Task instructions. Below are records; reproduce exactly the lines from the one that has "釣りをする猫|塗り絵 高齢者 無料 印刷" through the one that has "165 kDa connectin-associated", ends included, and nothing more.

[[ Supplied entries open ]]

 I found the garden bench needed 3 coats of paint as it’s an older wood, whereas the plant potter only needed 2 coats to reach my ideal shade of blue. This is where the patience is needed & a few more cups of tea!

[[ Supplied entries closed ]]
[[ Supplied entries open ]]

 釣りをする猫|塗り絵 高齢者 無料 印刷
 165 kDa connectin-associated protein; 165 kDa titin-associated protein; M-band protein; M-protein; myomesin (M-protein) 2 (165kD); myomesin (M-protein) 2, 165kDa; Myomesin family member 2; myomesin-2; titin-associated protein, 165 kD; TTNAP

[[ Supplied entries closed ]]
[[ Supplied entries open ]]

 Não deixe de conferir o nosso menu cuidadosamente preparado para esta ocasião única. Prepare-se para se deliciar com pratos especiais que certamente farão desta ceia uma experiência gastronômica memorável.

[[ Supplied entries closed ]]

Task result.
 釣りをする猫|塗り絵 高齢者 無料 印刷
 165 kDa connectin-associated protein; 165 kDa titin-associated protein; M-band protein; M-protein; myomesin (M-protein) 2 (165kD); myomesin (M-protein) 2, 165kDa; Myomesin family member 2; myomesin-2; titin-associated protein, 165 kD; TTNAP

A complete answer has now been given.